Cell-cell communication inference and analysis: biological mechanisms, computational approaches, and future opportunities
Xiangzheng Cheng, Haili Huang, Ye Su, Qing Nie, Xiufen Zou, Suoqin Jin
TL;DR
This review tackles the challenge of inferring and analyzing cell-cell communication (CCC) from single-cell and spatial omics data. It categorizes and synthesizes more than 140 computational methods into five core families—statistical, network, deep learning, optimal transport, and factorization—highlighting how each addresses spatial constraints, single-cell resolution, intracellular signaling, temporal dynamics, and cross-condition comparisons. Key contributions include a comprehensive mapping of methodological diversity, visualization and systems-analysis tools, and critical discussion of benchmarking, ground-truth validation, and opportunities for de novo CCC construction and mechanistic modeling. The authors emphasize the importance of integrating non-protein signaling, multi-omics data, and clinical information to enable robust CCC inference and to drive engineering and therapeutic applications.
Abstract
In multicellular organisms, cells coordinate their activities through cell-cell communication (CCC), which are crucial for development, tissue homeostasis, and disease progression. Recent advances in single-cell and spatial omics technologies provide unprecedented opportunities to systematically infer and analyze CCC from these omics data, either by integrating prior knowledge of ligand-receptor interactions (LRIs) or through de novo approaches. A variety of computational methods have been developed, focusing on methodological innovations, accurate modeling of complex signaling mechanisms, and investigation of broader biological questions.

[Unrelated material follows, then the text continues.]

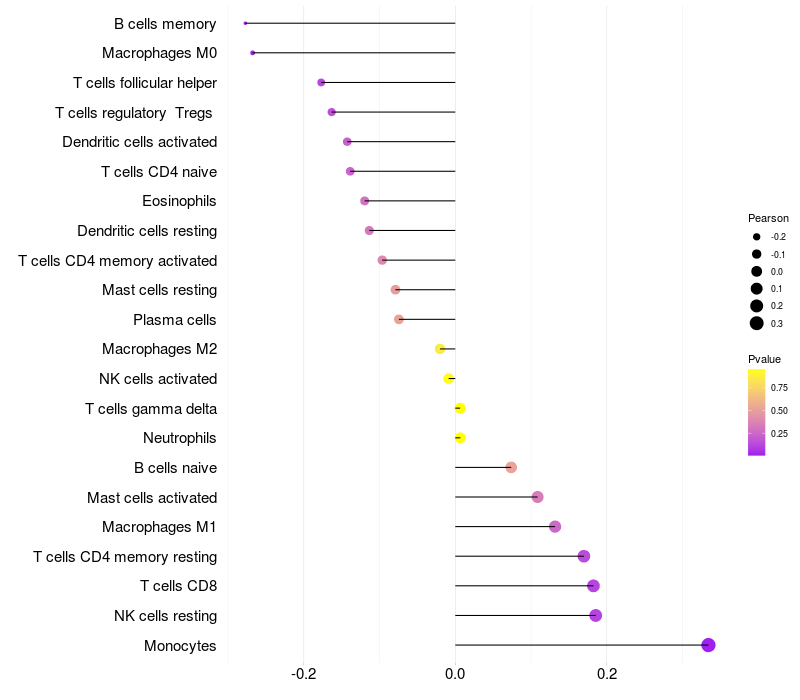 Relationship between gene expression and immune infiltrating cell level

These advances have greatly enhanced our ability to analyze CCC and generate biological hypotheses. Here, we introduce the biological mechanisms and modeling strategies of CCC, and provide a focused overview of more than 140 computational methods for inferring CCC from single-cell and spatial transcriptomic data, emphasizing the diversity in methodological frameworks and biological questions. Finally, we discuss the current challenges and future opportunities in this rapidly evolving field.